**Data excerpt**

* * * * * * *

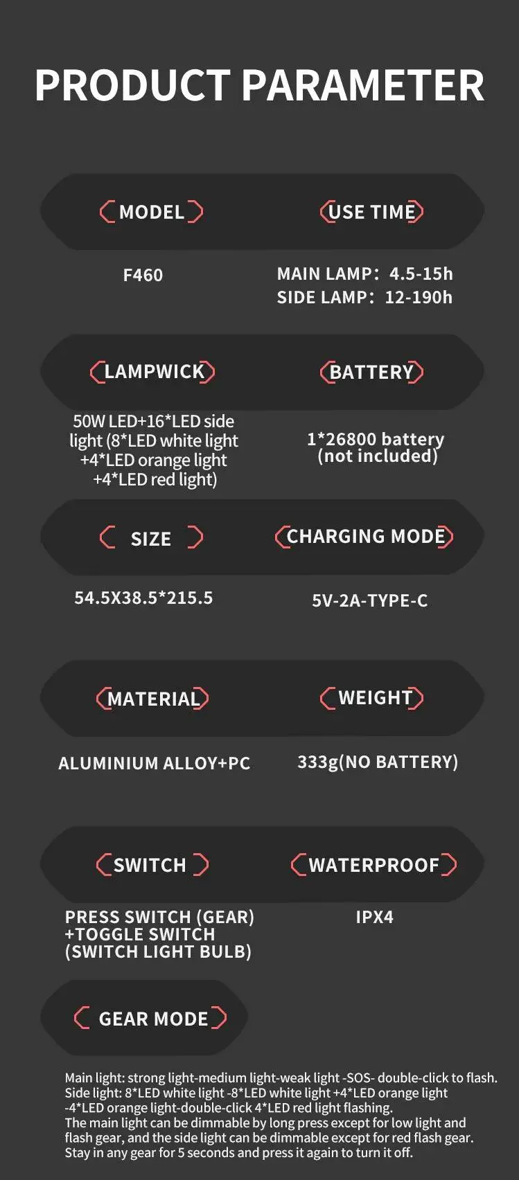 USE TIME:MAIN LAMP:4.5-15h SIDE LAMP:12-190h
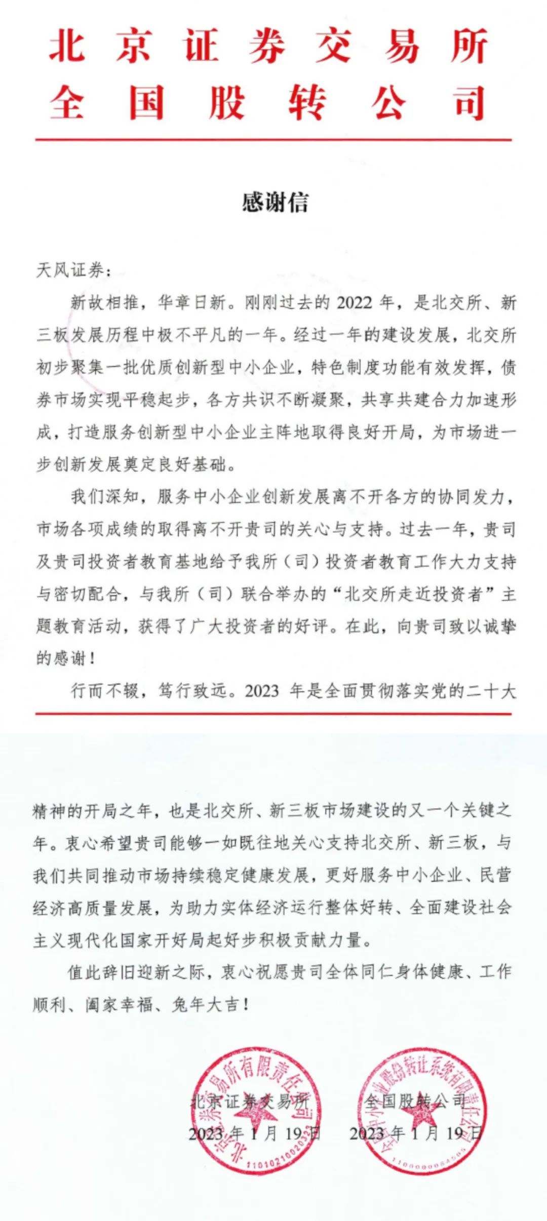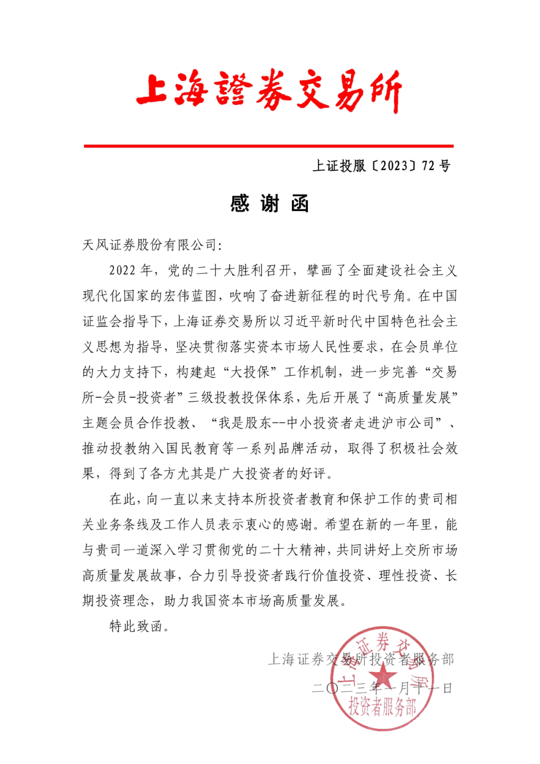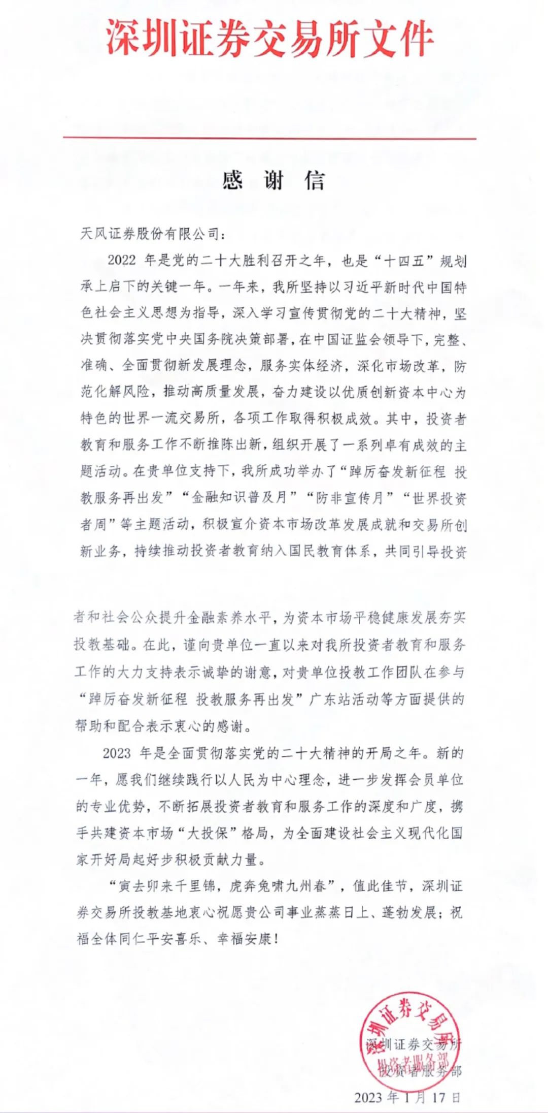 近日,天风证券陆续收到上海证券交易所(简称“上交所”)、深圳证券交易所(简称“深交所”)、北京证券交易所(简称“北交所”)及全国股转公司感谢信,来信对天风证券2022年在投资者教育相关工作的支持表示感谢。
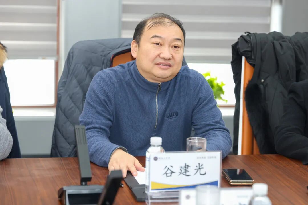 座谈会上,王兆宝对谷建光一行的到来表示热烈欢迎,并详细介绍了学校在现代产业学院建设、数智化转型工作方面的创新举措与实践经验。他指出,近年来,我校紧密对接辽宁省乃至国家的产业发展战略,依托自身办学优势,联合华为、美的、库卡等行业头部企业共建现代产业学院,其核心思路是构建“教育-科技-人才”三位一体协同发展的创新生态,通过引入行业领军企业真实生产场景、技术标准和项目案例,不仅共建了高水平的实践教学基地,更在课程体系、师资培训、创新创业等方面实现了深度重构,确保了人才培养与行业需求的高度契合。他表示,沈阳工学院愿与两校围绕产业学院建设、智能制造等共同关心的领域,开展更深度的合作,推动两校资源共享、优势互补,为区域经济社会高质量发展提供坚实的人才与智力支撑。
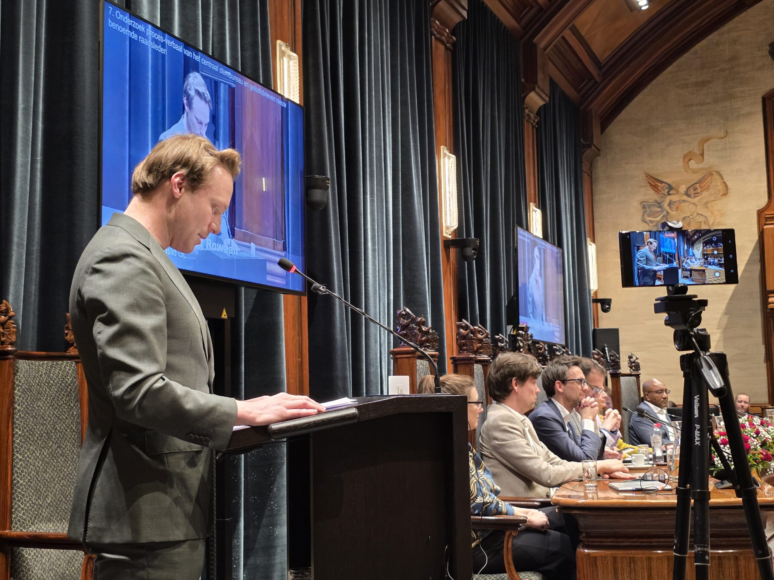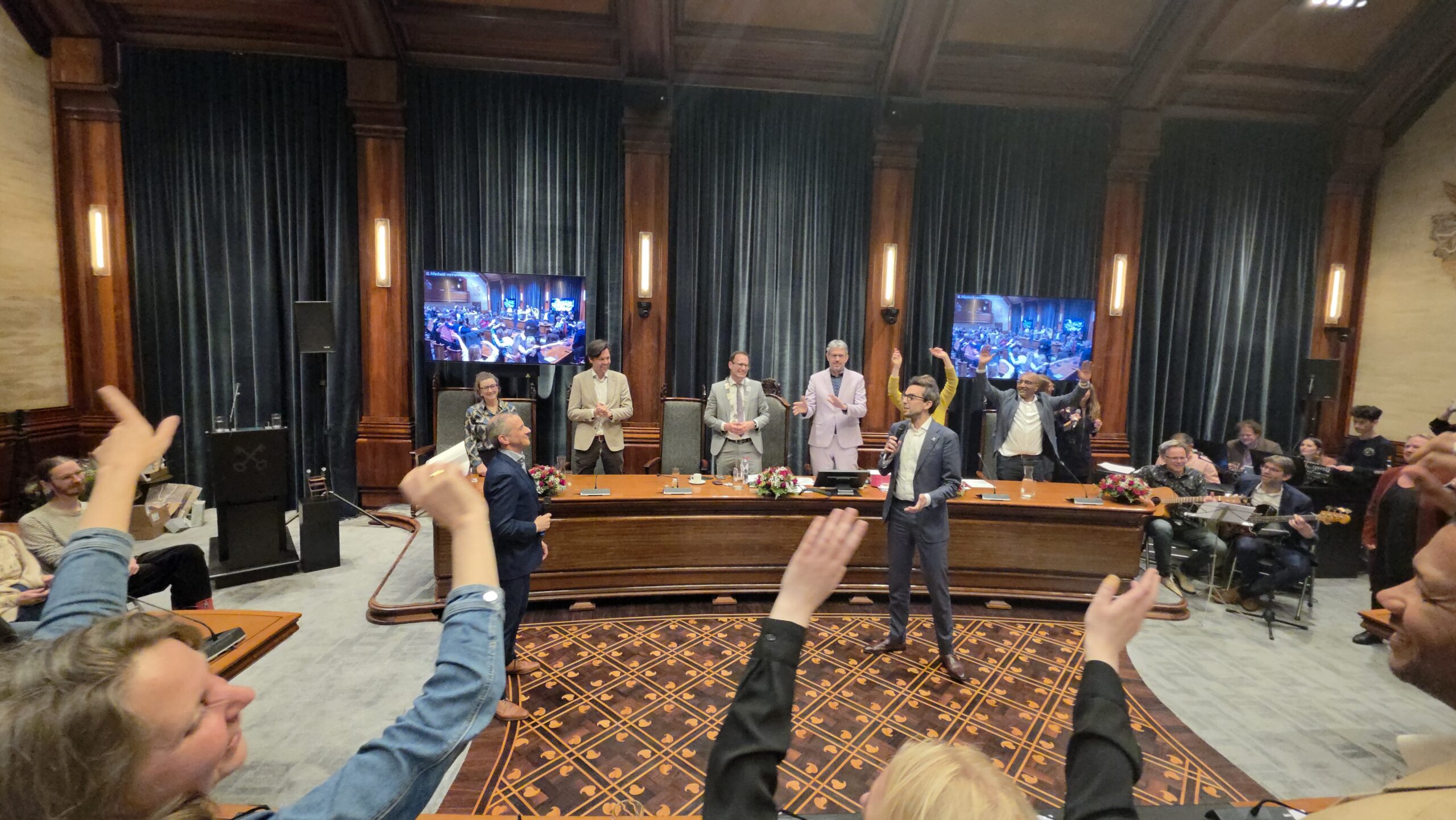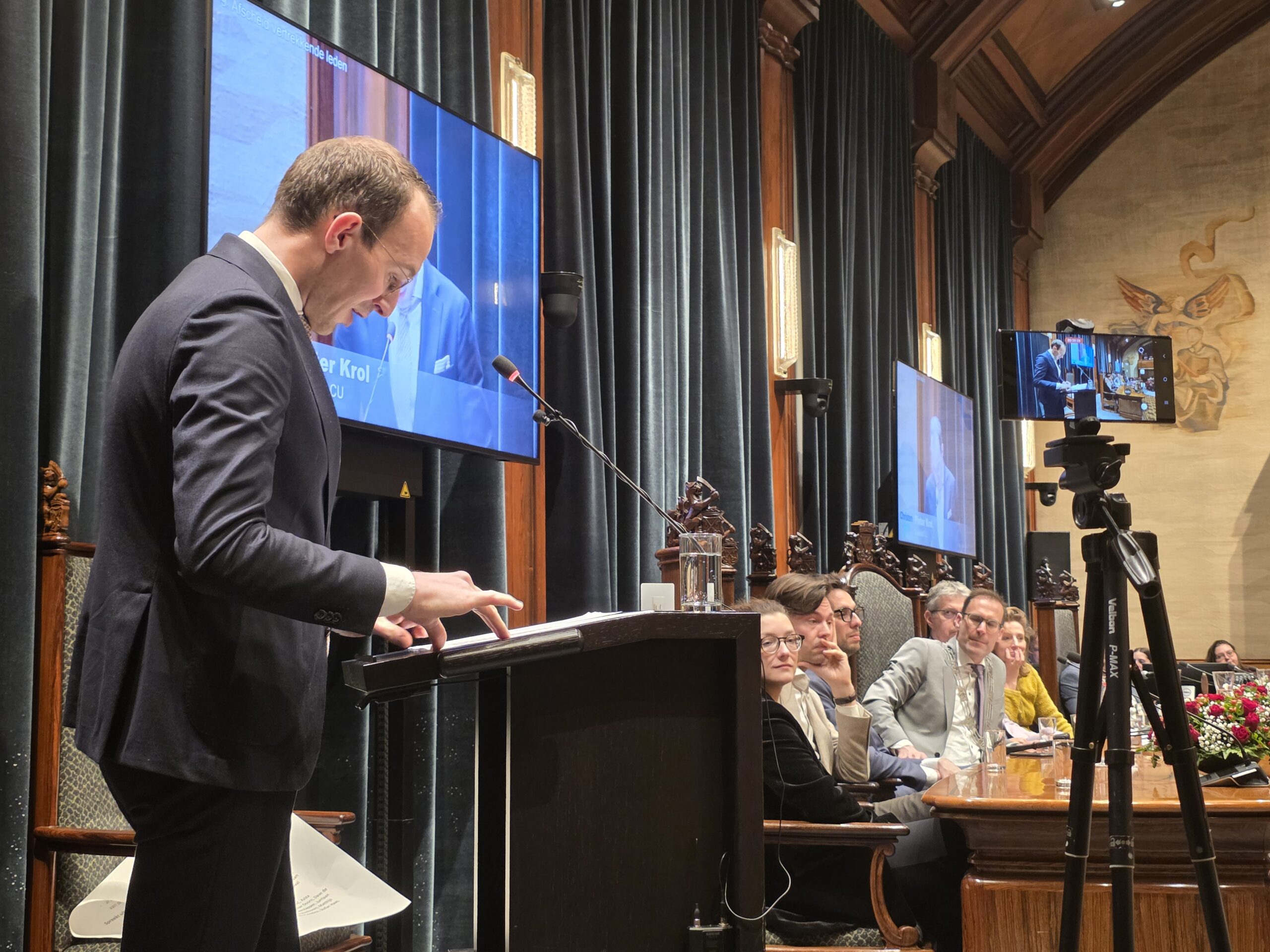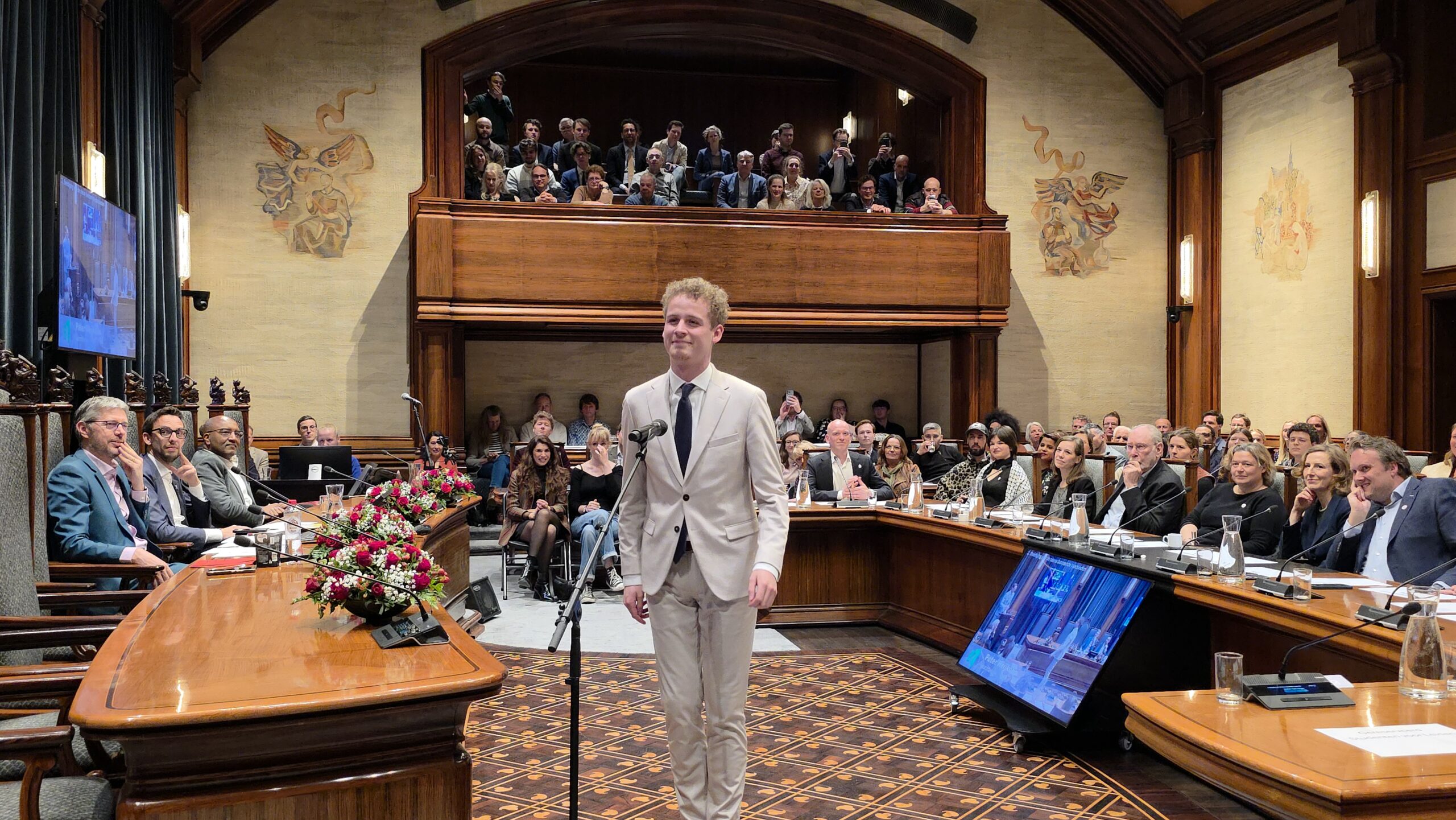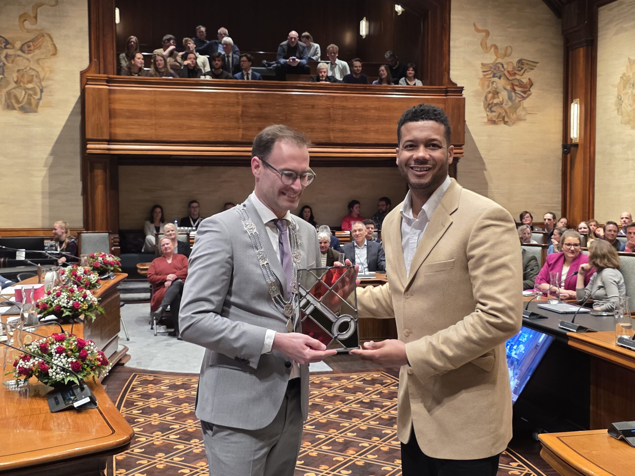 Twee avonden stond de raadzaal van het stadhuis in Leiden in het teken van afscheid nemen en verwelkomen. Woensdagavond namen maar liefst 27 raadsleden afscheid en donderdag werden alle 39 leden van de nieuwe gemeenteraad beëdigd.

* * * * * * *

**Task objective**
Copy the entire listing exactly but skip the pictures.

**Expected answer**
 USE TIME:MAIN LAMP:4.5-15h SIDE LAMP:12-190h
 近日,天风证券陆续收到上海证券交易所(简称“上交所”)、深圳证券交易所(简称“深交所”)、北京证券交易所(简称“北交所”)及全国股转公司感谢信,来信对天风证券2022年在投资者教育相关工作的支持表示感谢。
 座谈会上,王兆宝对谷建光一行的到来表示热烈欢迎,并详细介绍了学校在现代产业学院建设、数智化转型工作方面的创新举措与实践经验。他指出,近年来,我校紧密对接辽宁省乃至国家的产业发展战略,依托自身办学优势,联合华为、美的、库卡等行业头部企业共建现代产业学院,其核心思路是构建“教育-科技-人才”三位一体协同发展的创新生态,通过引入行业领军企业真实生产场景、技术标准和项目案例,不仅共建了高水平的实践教学基地,更在课程体系、师资培训、创新创业等方面实现了深度重构,确保了人才培养与行业需求的高度契合。他表示,沈阳工学院愿与两校围绕产业学院建设、智能制造等共同关心的领域,开展更深度的合作,推动两校资源共享、优势互补,为区域经济社会高质量发展提供坚实的人才与智力支撑。
 Twee avonden stond de raadzaal van het stadhuis in Leiden in het teken van afscheid nemen en verwelkomen. Woensdagavond namen maar liefst 27 raadsleden afscheid en donderdag werden alle 39 leden van de nieuwe gemeenteraad beëdigd.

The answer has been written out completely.